Seriation arranges a set of objects into a linear order given available data with the goal of revealing structural information. This package provides the infrastructure for ordering objects 
with an implementation of many
[seriation](https://en.wikipedia.org/wiki/Seriation_(archaeology))/[ordination](https://en.wikipedia.org/wiki/Ordination_(statistics)) techniques to reorder data matrices, dissimilarity
matrices, correlation matrices, and dendrograms (see below for a complete list). 
The package provides several visualizations (grid and ggplot2) to reveal structural information,
including permuted image plots, reordered heatmaps, Bertin plots, clustering visualizations like dissimilarity plots, and
visual assessment of cluster tendency plots (VAT and iVAT).

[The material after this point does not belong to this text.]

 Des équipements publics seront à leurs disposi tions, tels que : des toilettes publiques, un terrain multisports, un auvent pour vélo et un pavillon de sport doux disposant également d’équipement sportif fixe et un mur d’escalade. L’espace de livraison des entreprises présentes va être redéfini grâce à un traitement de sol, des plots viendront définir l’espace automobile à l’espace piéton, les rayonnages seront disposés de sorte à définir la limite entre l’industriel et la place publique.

Here are some quick guides on applications of seriation:

* [Introduction the R package seriation](https://cran.r-project.org/package=seriation/vignettes/seriation.pdf)
* [How to reorder heatmaps](https://mhahsler.github.io/seriation/heatmaps.html)
* [How to reorder correlation matrices](https://mhahsler.github.io/seriation/correlation_matrix.html)
* [How to evaluate clusters using dissimilarity plots](https://mhahsler.github.io/seriation/clustering.html)

Implemented seriation methods and criteria:

* [Documentation of the implemented seriation methods](https://mhahsler.github.io/seriation/seriation_methods.html)
* [Documentation of the implemented seriation criteria](https://mhahsler.github.io/seriation/seriation_criteria.html)
* [A visual comparison between seriation methods](https://mhahsler.github.io/seriation/comparison.html)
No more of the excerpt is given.